Dopo l’allarme Ape social, lanciato dai dirigenti del patronato Inca-Cgil in seguito alla gran quantità di richieste che l’Inps ha respinto (circa il 70%, secondo alcune valutazioni), il ministero del Lavoro ha chiesto di riaprire la partita e utilizzare criteri di valutazione meno rigidi e burocratici.
SI ALLARGA LA PLATEA – È dunque partito il riesame delle domande respinte. In particolare, nel valutare le domande le sedi dell’Istituto daranno un’interpretazione più favorevole su due punti delicati: lo status di disoccupato e l’utilizzabilità dei periodi contributivi all’estero. Potrà quindi percepire l’anticipo anche chi ha svolto attività occasionali, ad esempio retribuite attraverso i voucher. Attività che in base alle normative vigenti non interrompono la condizione di disoccupazione.
COS’È L’APE SOCIAL – L’Ape social è un assegno riconosciuto dallo Stato, per gli iscritti a una delle gestioni Inps che possiedono almeno 63 anni di età e 30 o 36 anni di contributi, a seconda della categoria di appartenenza dell’interessato.

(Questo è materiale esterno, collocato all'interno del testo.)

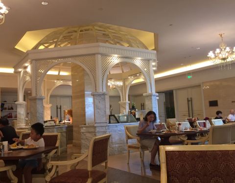 午后入住酒店,趁着二楼中餐厅还未下班赶紧吃口饭,结果刚开始动筷子,办理会员的业务员就开始滔滔不绝的给你介绍业务要求你办理会员。好生相劝才安稳吃完饭。 晚餐是房费包含的自助餐,只是没吃好也没吃饱,又回到二楼点茶食吧,要了说不能送房间,也不能打包,实在难为我们带孩子来体验的 总之,吃饭是个事,二楼中餐前台接待的服务也是不敢恭维 真心希望与之星级能匹配

L’assegno accompagna il lavoratore sino all’età della pensione di vecchiaia (dal 2018 66 anni e 7 mesi per tutti, uomini e donne), ed è calcolato come la futura pensione, ma non può superare 1.500 euro.
CHI PUO’ RICHIEDERLO – Possono chiedere l’Ape social gli appartenenti alle seguenti categorie:
- lavoratori che risultano disoccupati a seguito di licenziamento, anche collettivo, o di dimissioni per giusta causa;
- lavoratori che assistono, al momento della richiesta e da almeno 6 mesi, il coniuge o un parente di primo grado convivente con handicap grave, ai sensi della Legge 104;
- lavoratori che possiedono un’invalidità uguale o superiore al 74%;
- lavoratori che hanno prestato per almeno 6 anni, negli ultimi 7, un’attività lavorativa particolarmente difficoltosa o rischiosa.